# Fuji Cadenza?



## cegrover (Oct 17, 2004)

Does anyone know anything about the Fuji Cadenza from about 1989? There's one for sale locally, possibly at a low price. I guess the question is "what is a low price?"...if there's any real market for these...


----------



## cegrover (Oct 17, 2004)

I'd say that answers my question. If there's no enthusiasm here, there's probably not much of a market!


----------



## cegrover (Oct 17, 2004)

Okay, so I picked it up for $6.99. This was on Ebay, but local pickup only. I could see it had a Biopace sticker on the outer chainring, so I'm thinking the parts are worth more than that...we'll see. Photos, etc. will follow.


----------



## logbiter (Dec 30, 2003)

sounds like a deal, if nothing for the parts.
Deore stuff or lower?


----------



## bikerboy (Jan 13, 2004)

Its a fairly low end bike, but still, you can't go wrong for $7. Generally, it has to be a pretty high end brand to get much attention around here. There are those of us who can't afford Ritcheys, Bontragers, Cunninghams, Fat Chance, etc, so we have to make due with the more "mundane." That beats the crap out of any bikes I was getting from thrift stores, which were generally around $20. I once scored a bike called a Santa Fe, which I assume was probably marketed as a lower cost brand by one of the big bike manufacturers. I got it for $7 at Goodwill, but the only thing in good shape was the frame and fork. I had pretty much everything I needed to build it up, so I ended up having a really good campus/getting to the gym bike for about $25 after it was all said and done.

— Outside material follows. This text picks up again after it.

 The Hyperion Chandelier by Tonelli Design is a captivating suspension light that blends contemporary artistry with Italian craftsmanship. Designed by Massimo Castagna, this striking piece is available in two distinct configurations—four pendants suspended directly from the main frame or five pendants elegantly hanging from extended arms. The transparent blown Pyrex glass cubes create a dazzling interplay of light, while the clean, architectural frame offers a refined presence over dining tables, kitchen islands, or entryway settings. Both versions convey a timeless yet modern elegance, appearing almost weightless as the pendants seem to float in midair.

Anyway, fix up the Fuji, ride it, love it, and if you dont, sell it on Craigslist for $100.


----------



## cegrover (Oct 17, 2004)

<<Anyway, fix up the Fuji, ride it, love it, and if you dont, sell it on Craigslist for $100.>>

My thoughts exactly. My stable only needs so many bikes, so this one competes for space with the '88 Fisher Montare. I'll see which is in better shape with better parts (likely the Montare) and then will clean up and tune the Fuji and decide what to do. Long live low-to-mid-range 80s MTBs!


----------



## cegrover (Oct 17, 2004)

I picked up the Cadenza today. It has the Exage Trail group (6-spd) with SR hubs and Araya rims (no model name that I can tell). Overall, it's not a bad entry-to-mid-level late 80s MTB. The shift cable housings are shot - they both blew apart when I tested the shifters. The tires are also shot - sidewalls are coming apart. Looks like the bike spent some time outside!

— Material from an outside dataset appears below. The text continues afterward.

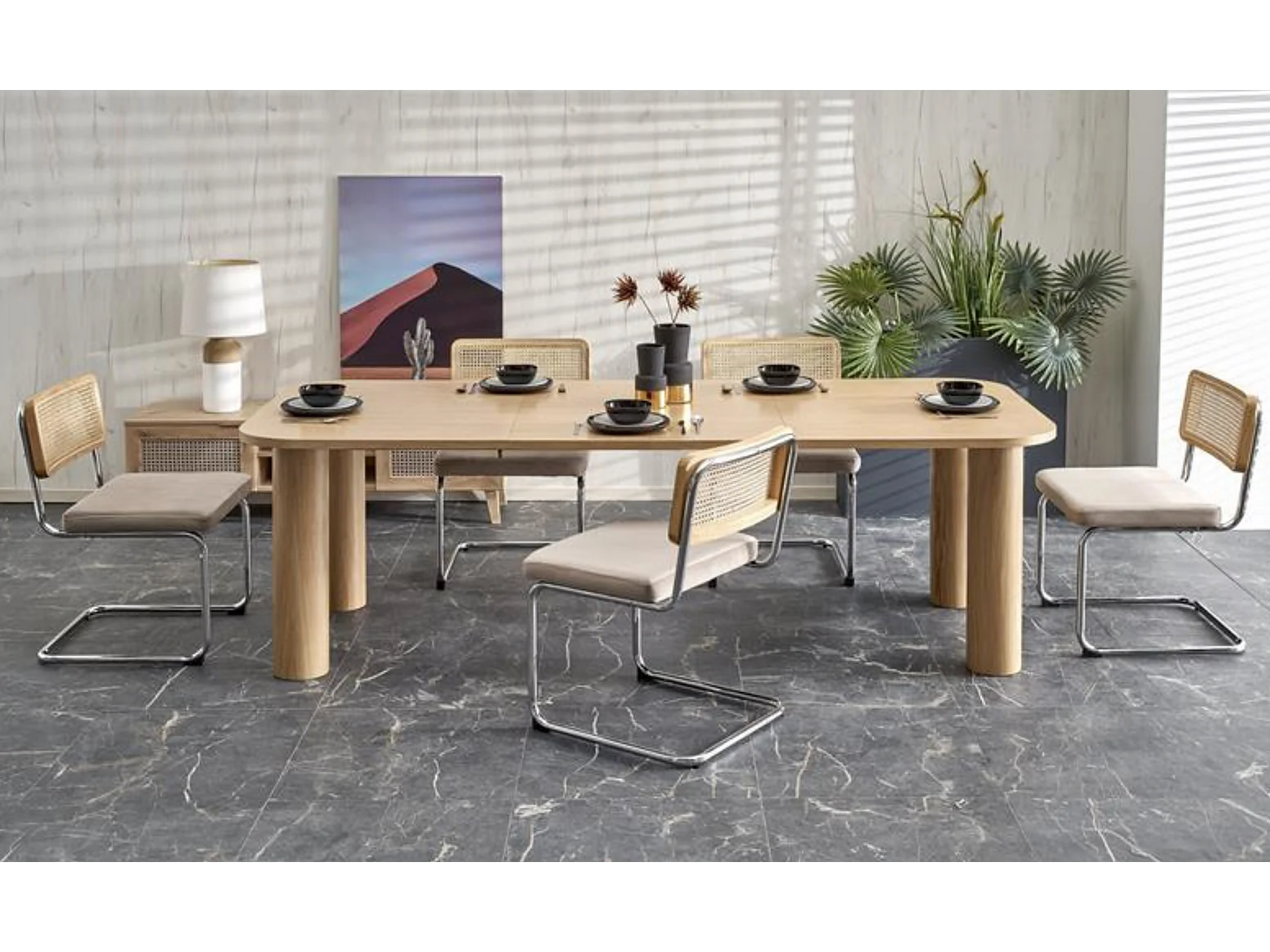 Table à manger extensible plaquée chêne 160-240cm Marthe

Still, I'll put new shift cables on it, clean it up, tune it up, find some cheap tires and either decide it's cool enough to stay or I'll sell it. Not bad for $7 +cables + tires...

Oh, the real kicker is that it came with a matching (and smelly) Fuji water bottle!


----------



## laffeaux (Jan 4, 2004)

It should make a decent "townie" bike. Something fun to cruise around the neighborhood on.


----------



## logbiter (Dec 30, 2003)

yeah, good townie bike! semi-horzontal slots in the rear?
My first mtn bike had exage ('88 bianchi forte). Shifters & crank didn't last too long, but they got me into it until I upgraded.
Some of those components are still going on my Dad's townie bike (along with a cool '90ish specialized forged crank). He swapped the parts that worked on the new frame from the cool lugged frame to something more his size & donated the rest at a local Santa Cruz bike swap type of program. Hopefully someone is still riding that frame (w/ the metal 'steal your face' sticker as a headtube badge) around santa cruz.



cegrover said:


> I picked up the Cadenza today. It has the Exage Trail group (6-spd) with SR hubs and Araya rims (no model name that I can tell).


----------



## boskeroo (Jan 12, 2005)

*Exage*

I still have a 1989 Nishiki Colorado with Shimano Exage on it.

I won't claim that it's great stuff, but after 16 years of hard riding, the derailleurs still work.


----------



## cegrover (Oct 17, 2004)

boskeroo said:


> I still have a 1989 Nishiki Colorado with Shimano Exage on it.
> 
> I won't claim that it's great stuff, but after 16 years of hard riding, the derailleurs still work.


After a little cleanup, the Cadenza's components work beautifully. I'm pretty sure the bike had little use, but just sat outside some. Aside from a few paint nicks, slight surface rust on the chain and cogs and a saddle I'm about to replace, I've got it in almost new condition now.


----------